The study looked at data from billable outpatient primary care and behavioral health visits at 41 federally qualified health centers that operated at 534 locations in California from February 2019 to August 2020.
During the pandemic, the FQHCs experienced a rapid increase in telehealth usage as the clinics substituted in-person care for video and telephone visits. For primary care visits, 48.1% occurred in person, 48.5% via telephone and 3.4% via video. Comparatively, for behavioral health visits, 22.8% occurred in person, 63.3% via telephone and 13.9% via video.
Telephone visits peaked in April 2020, comprising 65.4% of primary care visits and 71.6% of behavioral health visits, according to the study.

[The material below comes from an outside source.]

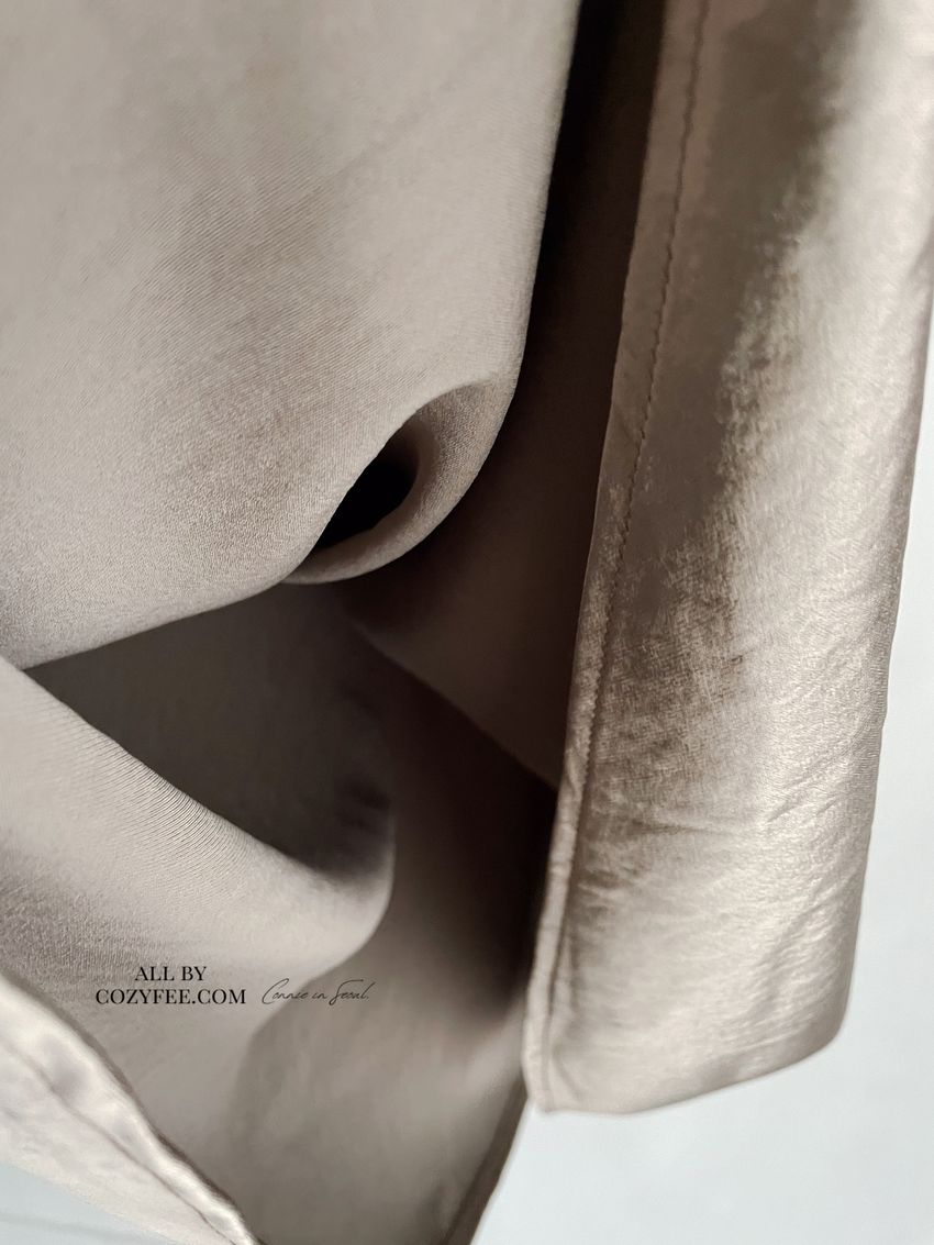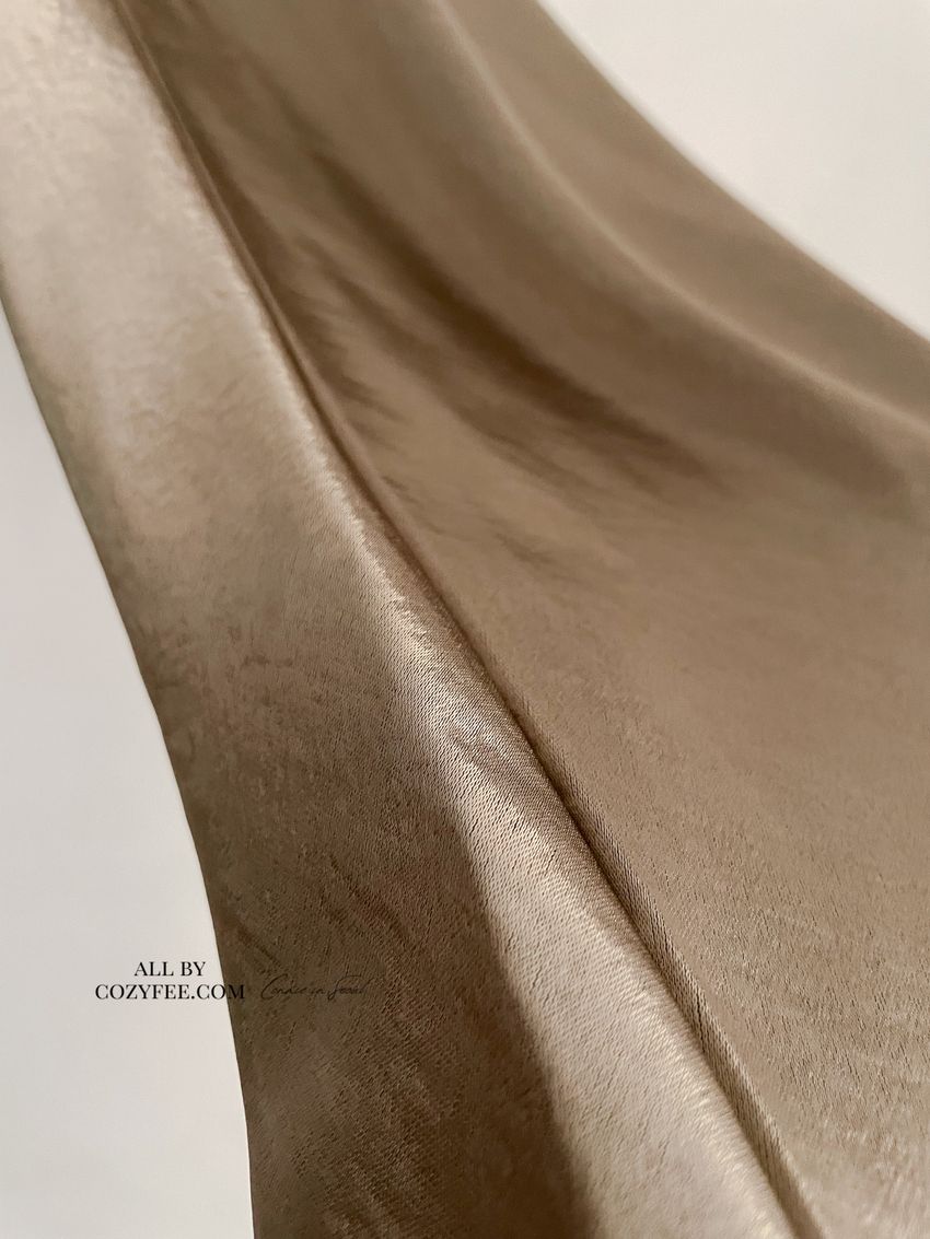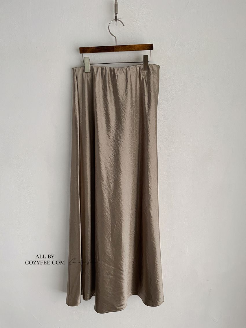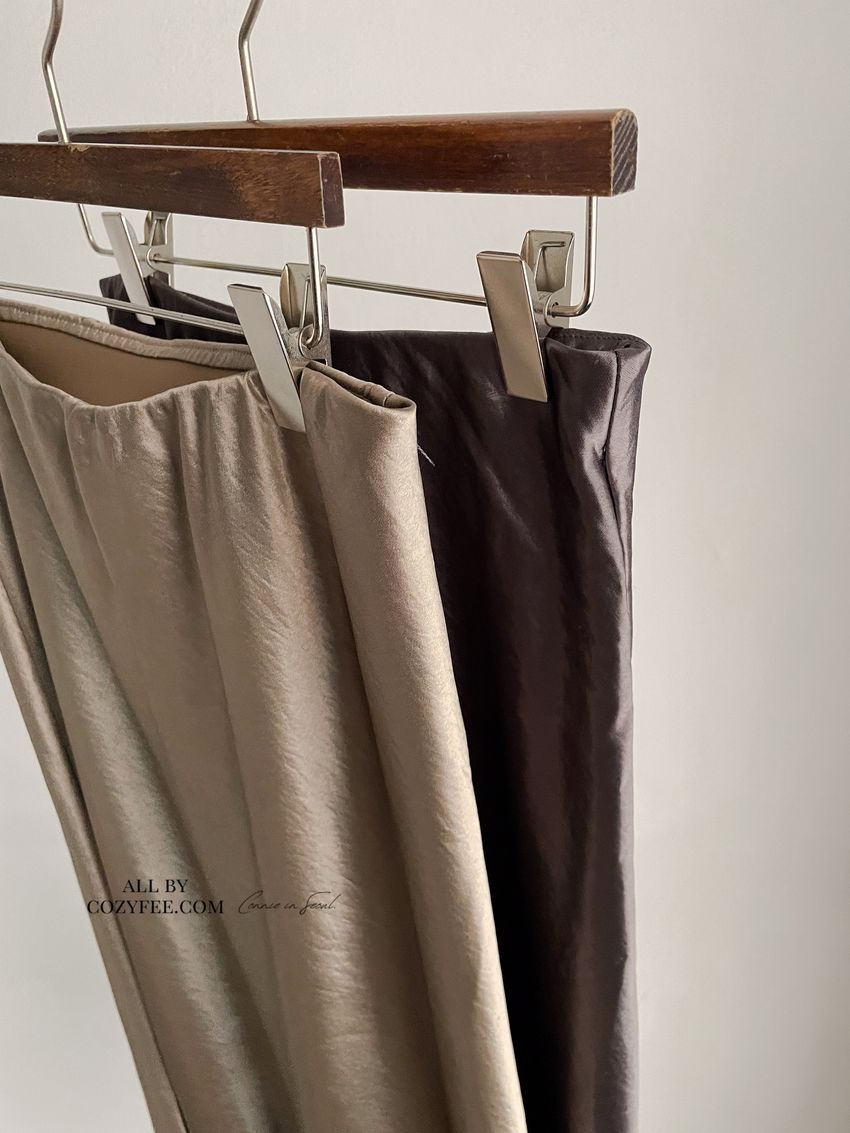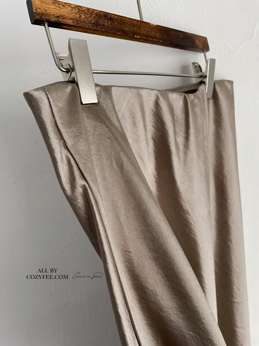 100%poly腰圍內側整圈隱藏鬆緊帶無內裡布料有微彈性 彈性滿分5分有2分灰銀色 / 香檳杏色單一尺寸 建議S號~小L號 以內 身型適合model / Yen - 159cm / 44kg 腰24 臀34

The American Psychological Association is one of many organizations that support the bill.
“Allowing patients to receive mental health services by audio-only telephone is a matter of health equity for underserved populations, and APA applauds this important equalizer,” said APA CEO Arthur C. Evans Jr., Ph.D. “This bill will allow patients to receive services at home, no matter where they live − whether in rural, urban or suburban communities.”